TODO: better docstring here

jklukas · 2024-12-17T12:56:17Z

pymdownx/magiclink.py

+    def __init__(self, pattern, md, shortname, target_url):
+        """Initialize."""
+
+        self.shortname = shortname


TODO: better term than "shortname". This is the lower-cased version of the prefix that we inject into a class name and inject into the name we use when registering the inlineProcessor.

jklukas · 2024-12-17T13:14:08Z

tests/test_extensions/test_magiclink.py

+        )
+
+    def test_underscores(self):
+        """Test underscore counts as a word character."""


We originally discussed supporting "alphanumeric" identifiers, but re's \w pattern for "word characters" includes underscore, and that definitely feels like a useful addition. But then in the next test here we validate that hyphens break the pattern, but I could see hyphens being useful as well.

These two test cases are validating "go/ link"-style links which would benefit from supporting / and # in identifiers as well. I've worked in two companies that provide a go/ link service, and it's fairly normal to see a link that includes a subpath and an anchor like go/myproject/starting#authentication.

So, we could consider expanding the set to "alphanumeric characters, plus _@/#-". That excludes periods and commas, which would often be word boundaries.
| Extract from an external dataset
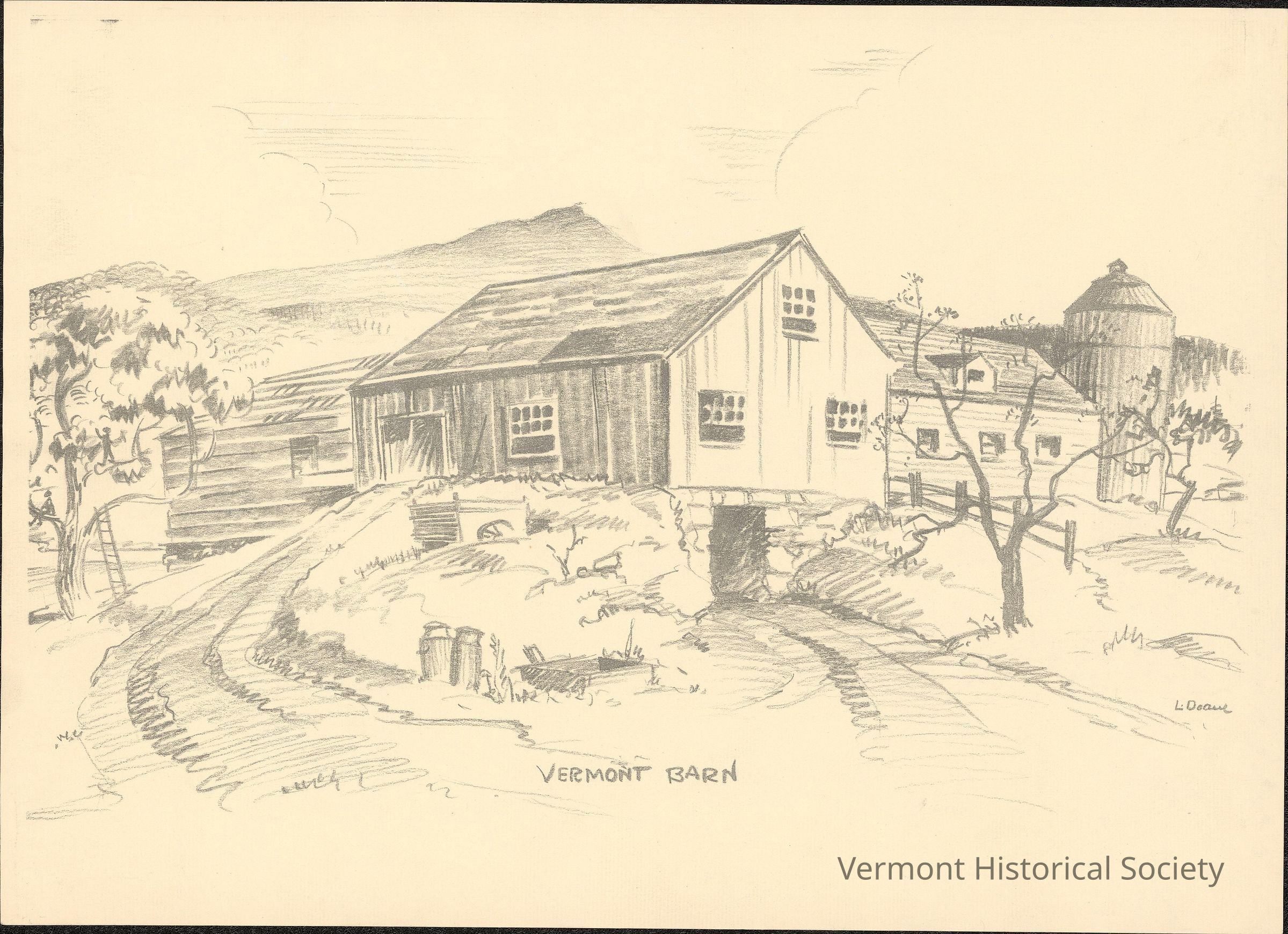 Pencil drawing showing a barn on a hill. The barn consists of three conjoined buildings and a silo. On the right, the hill cuts aways to show an entrance into the barn's stone foundation. A path leads to the doorway. Another path leads up the hill to the left to a doorway on the barn's main floor. A mountain, possible Camel's Hump, is visible in the background. At the left edge of the drawing, a ladder is leaning against a tree, and there is a person sitting on the tree branch.Type of Drawing
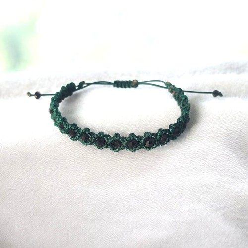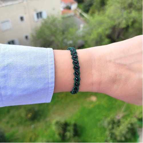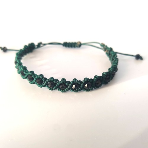 Ανακαλύψτε την κομψότητα και την διακριτική λάμψη του βραχιολιού "Πράσινη Αρμονία". Ένα διακριτικό κόσμημα που συνδυάζει την μυστηριώδη ομορφιά των μαύρων κρυστάλλων με την κομψότητα ενός πράσινου πλεκτού κορδονιού. Ιδανικό για να προσθέσει μια πινελιά λάμψης και στυλ στην καθημερινή σας εμφάνιση. Το κλείσιμο του βραχιολιού είναι ρυθμιζόμενο, για να ταιριάζει σε διαφορετικά μεγέθη καρπού.

Or, we could make this feature significantly more generic and powerful by letting users specify regex patterns themselves. And we'd rely on documentation to give users solid examples for the simpler cases. I'm interested in your perspective on the user base here and whether they'd generally prefer to have the power+responsibility of a more generic interface. GitHub's autolink reference feature needs to run whenever rendering the UI, but magiclinks is generally running as a static compiling step, so I expect we have more budget for complexity here.

To be more specific, when I said alphanumeric, I was thinking [a-z0-9]+ (assuming case insensitive matching). This is a common restriction for these types of identifiers. As a matter of fact, Jira imposes these same restrictions (Jira being the example used when this feature was requested). Additionally, Jira for instance does allow _ underscores ([a-z0-9_]+). Originally, my gut was telling me to restrict this to only keys that start with a letter, another common restriction for IDs of this type, and yes Jira does this as well ([a-z][a-z0-9_]+).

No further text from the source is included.